> **EXERCISE BRIEF**: Your output should be the lines below from the one with "20. Service Do" through the one with "В Донецкой области", copied exactly, pictures excluded.

> **SUPPLIED RECORDS**:
§

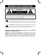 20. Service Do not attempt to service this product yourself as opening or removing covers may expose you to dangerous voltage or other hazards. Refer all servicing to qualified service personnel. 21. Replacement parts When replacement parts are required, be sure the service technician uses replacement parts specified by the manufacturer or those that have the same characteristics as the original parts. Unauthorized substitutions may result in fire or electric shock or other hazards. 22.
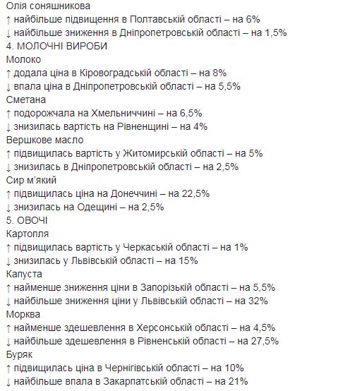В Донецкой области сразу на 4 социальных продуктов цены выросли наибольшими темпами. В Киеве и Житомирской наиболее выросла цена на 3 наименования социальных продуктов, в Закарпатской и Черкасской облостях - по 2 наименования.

§

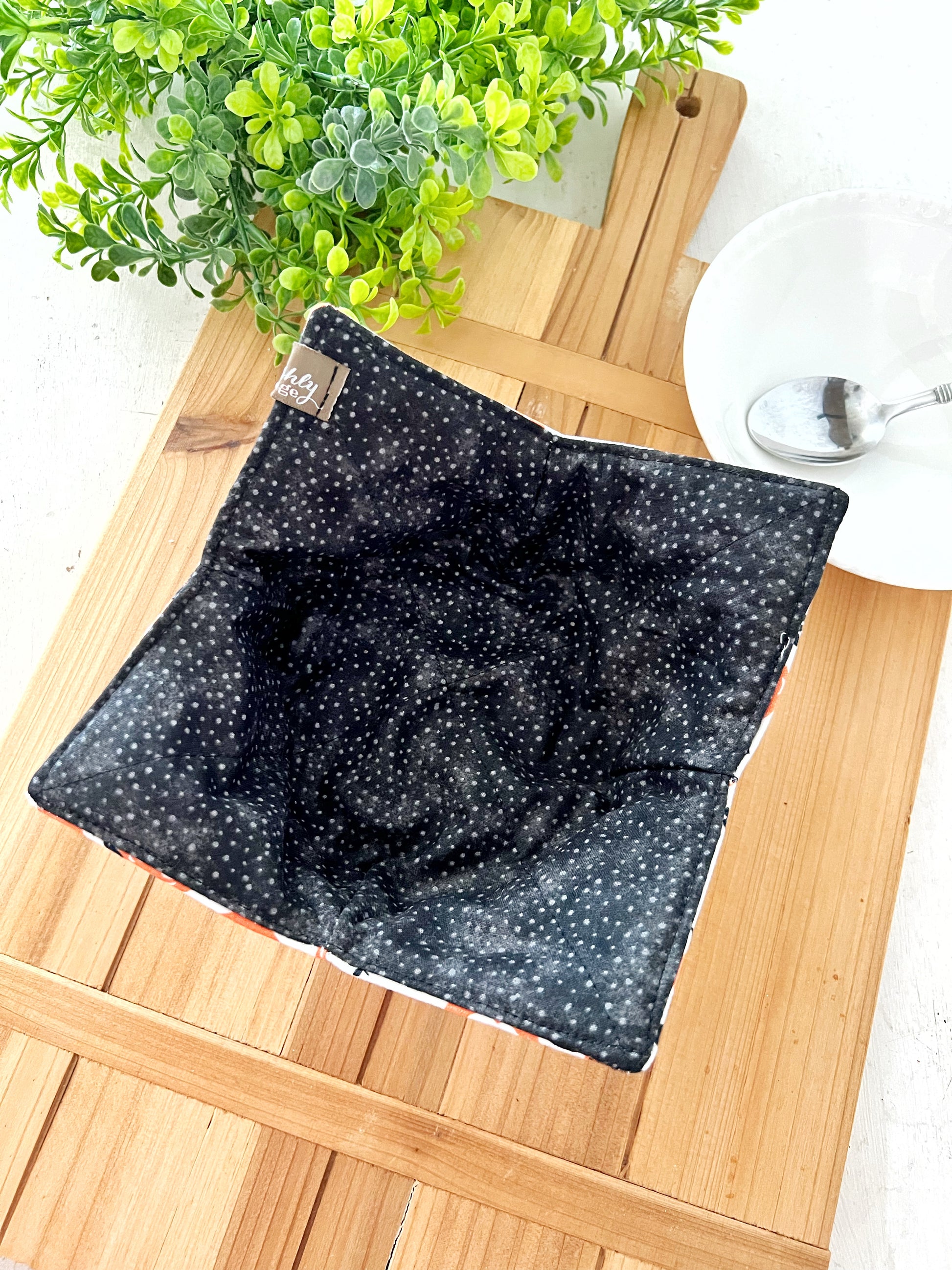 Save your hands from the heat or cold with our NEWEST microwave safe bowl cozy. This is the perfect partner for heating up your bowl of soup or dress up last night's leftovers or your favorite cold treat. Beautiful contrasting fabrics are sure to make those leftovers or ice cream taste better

§

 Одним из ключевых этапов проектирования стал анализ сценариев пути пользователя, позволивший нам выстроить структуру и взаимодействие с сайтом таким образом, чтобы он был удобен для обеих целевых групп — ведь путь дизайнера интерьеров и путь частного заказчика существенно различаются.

§

> **SOLUTION TO THIS PROBLEM**:
 20. Service Do not attempt to service this product yourself as opening or removing covers may expose you to dangerous voltage or other hazards. Refer all servicing to qualified service personnel. 21. Replacement parts When replacement parts are required, be sure the service technician uses replacement parts specified by the manufacturer or those that have the same characteristics as the original parts. Unauthorized substitutions may result in fire or electric shock or other hazards. 22.
В Донецкой области сразу на 4 социальных продуктов цены выросли наибольшими темпами. В Киеве и Житомирской наиболее выросла цена на 3 наименования социальных продуктов, в Закарпатской и Черкасской облостях - по 2 наименования.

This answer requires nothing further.